• What to do
Your output must be the lines below from the line containing "Penjabat (Pj) Gubernur" to the line containing "3. Реакция горения.", both lines included, reproduced exactly and without pictures.
═══ Data supplied ═══
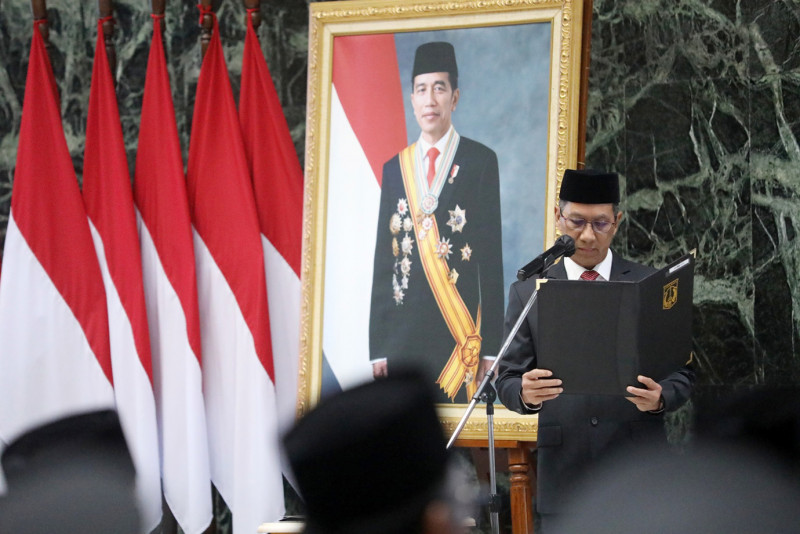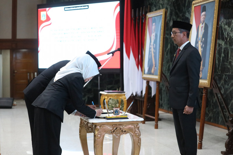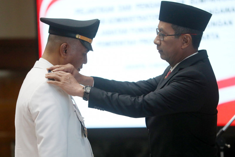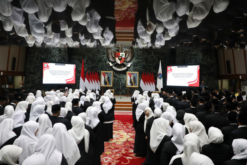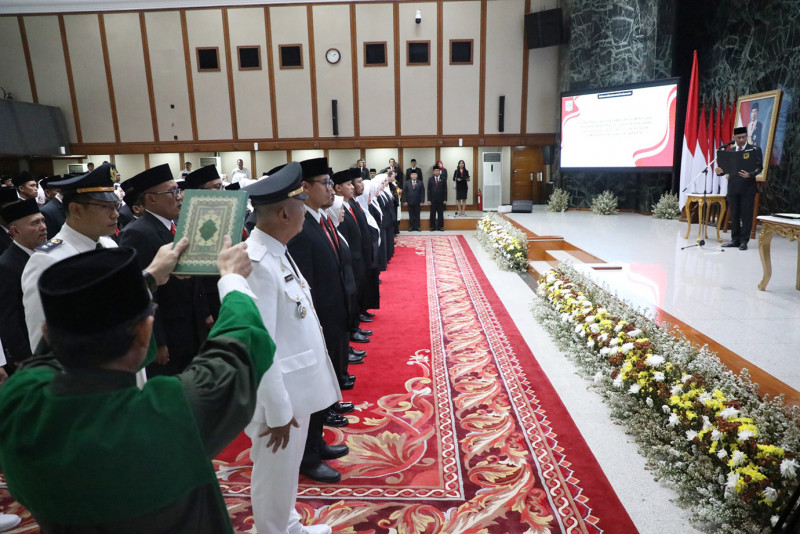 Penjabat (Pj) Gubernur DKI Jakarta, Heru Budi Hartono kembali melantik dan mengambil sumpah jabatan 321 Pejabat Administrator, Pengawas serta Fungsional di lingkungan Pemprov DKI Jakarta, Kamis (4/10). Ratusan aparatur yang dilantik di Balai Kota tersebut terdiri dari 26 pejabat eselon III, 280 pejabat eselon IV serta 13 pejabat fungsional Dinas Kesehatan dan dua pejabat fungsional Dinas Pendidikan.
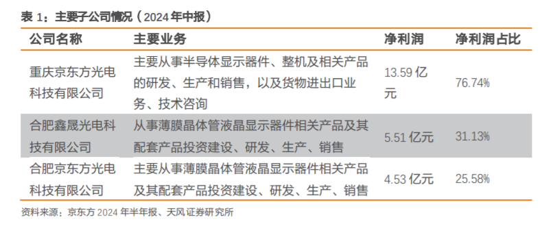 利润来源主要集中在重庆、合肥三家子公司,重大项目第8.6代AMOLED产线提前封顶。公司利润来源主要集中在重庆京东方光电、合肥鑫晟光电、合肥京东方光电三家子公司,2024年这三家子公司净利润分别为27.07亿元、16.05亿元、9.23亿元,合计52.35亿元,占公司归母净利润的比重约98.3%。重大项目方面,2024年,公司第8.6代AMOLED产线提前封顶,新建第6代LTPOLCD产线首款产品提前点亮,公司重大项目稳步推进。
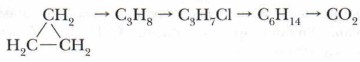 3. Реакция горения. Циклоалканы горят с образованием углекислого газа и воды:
═══
═══ Data supplied ═══
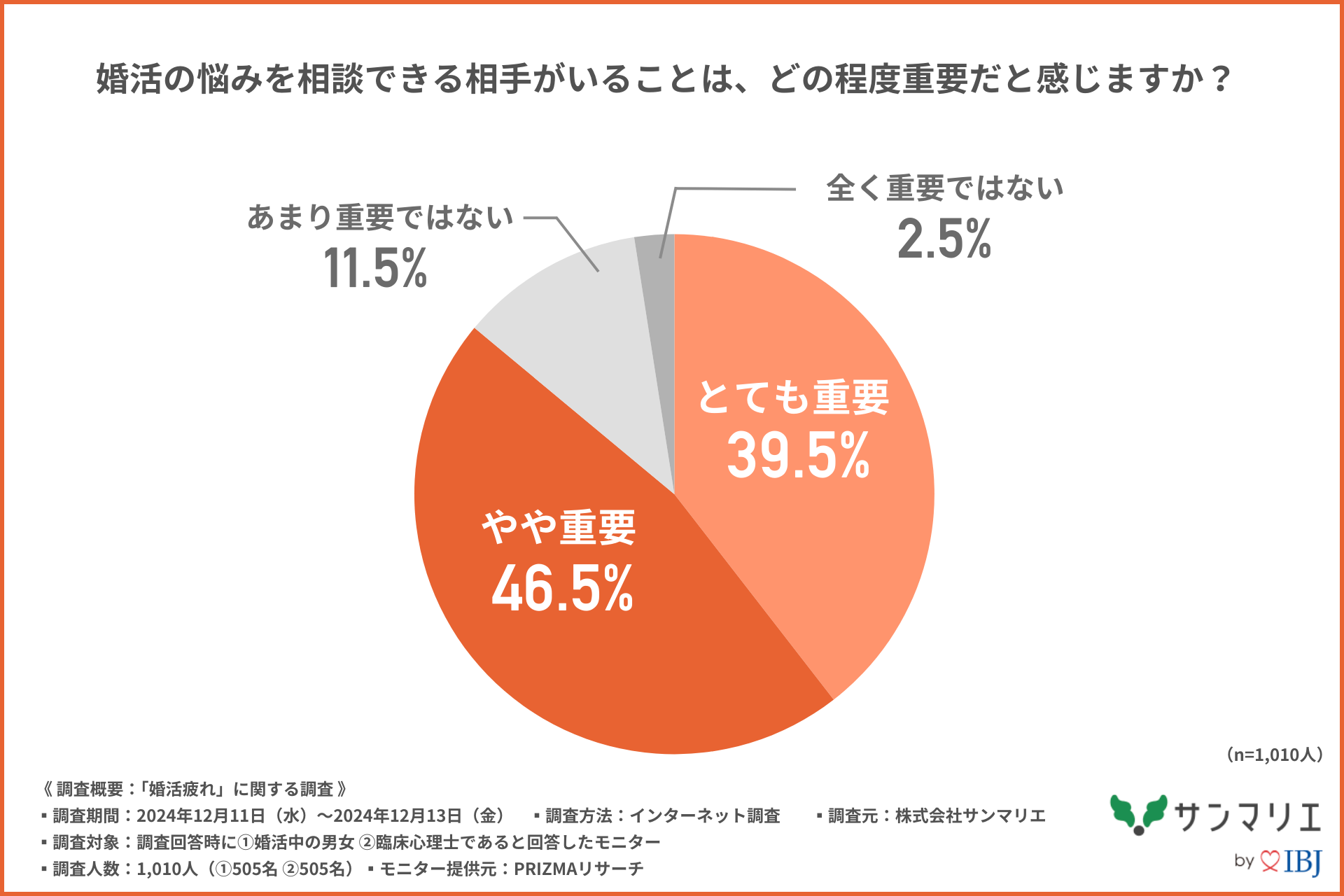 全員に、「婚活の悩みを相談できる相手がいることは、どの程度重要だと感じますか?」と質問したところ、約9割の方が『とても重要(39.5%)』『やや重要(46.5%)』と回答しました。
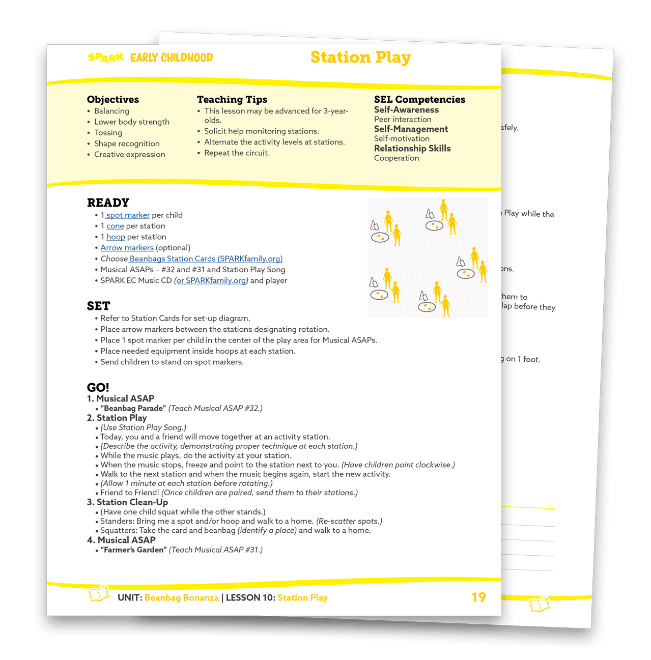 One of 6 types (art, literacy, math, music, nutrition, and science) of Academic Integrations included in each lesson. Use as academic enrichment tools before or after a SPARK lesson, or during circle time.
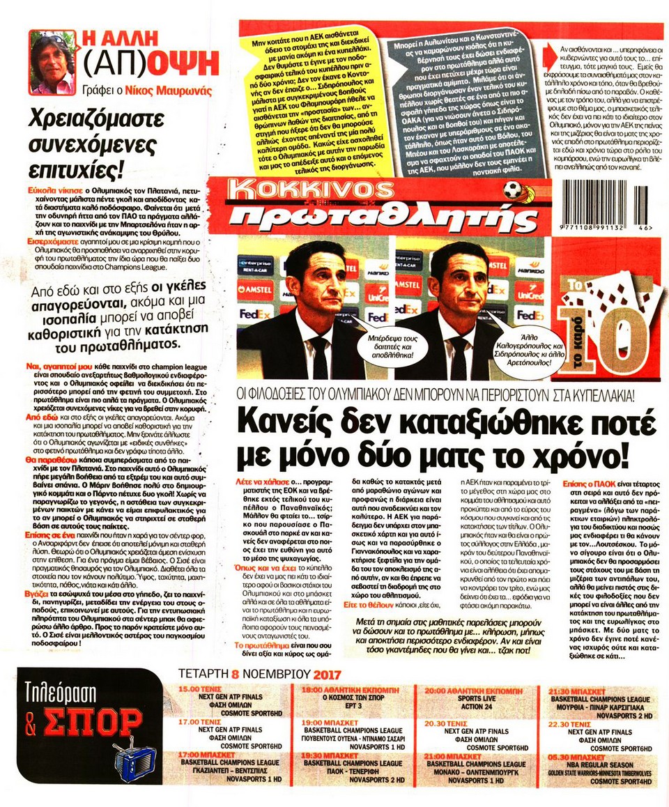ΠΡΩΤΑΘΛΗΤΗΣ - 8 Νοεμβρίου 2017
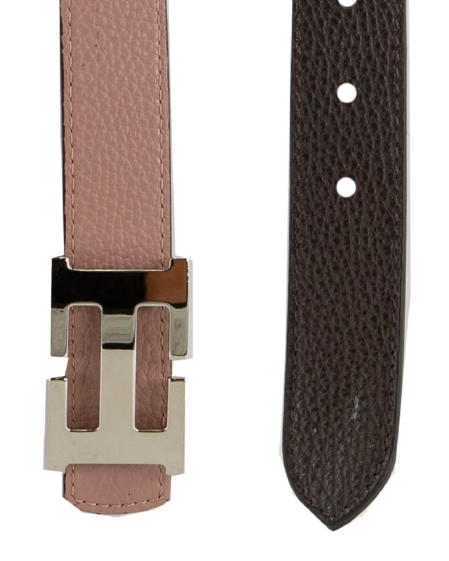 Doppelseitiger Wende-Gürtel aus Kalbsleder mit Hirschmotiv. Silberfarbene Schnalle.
═══
• Result of the task
 Penjabat (Pj) Gubernur DKI Jakarta, Heru Budi Hartono kembali melantik dan mengambil sumpah jabatan 321 Pejabat Administrator, Pengawas serta Fungsional di lingkungan Pemprov DKI Jakarta, Kamis (4/10). Ratusan aparatur yang dilantik di Balai Kota tersebut terdiri dari 26 pejabat eselon III, 280 pejabat eselon IV serta 13 pejabat fungsional Dinas Kesehatan dan dua pejabat fungsional Dinas Pendidikan.
 利润来源主要集中在重庆、合肥三家子公司,重大项目第8.6代AMOLED产线提前封顶。公司利润来源主要集中在重庆京东方光电、合肥鑫晟光电、合肥京东方光电三家子公司,2024年这三家子公司净利润分别为27.07亿元、16.05亿元、9.23亿元,合计52.35亿元,占公司归母净利润的比重约98.3%。重大项目方面,2024年,公司第8.6代AMOLED产线提前封顶,新建第6代LTPOLCD产线首款产品提前点亮,公司重大项目稳步推进。
 3. Реакция горения. Циклоалканы горят с образованием углекислого газа и воды:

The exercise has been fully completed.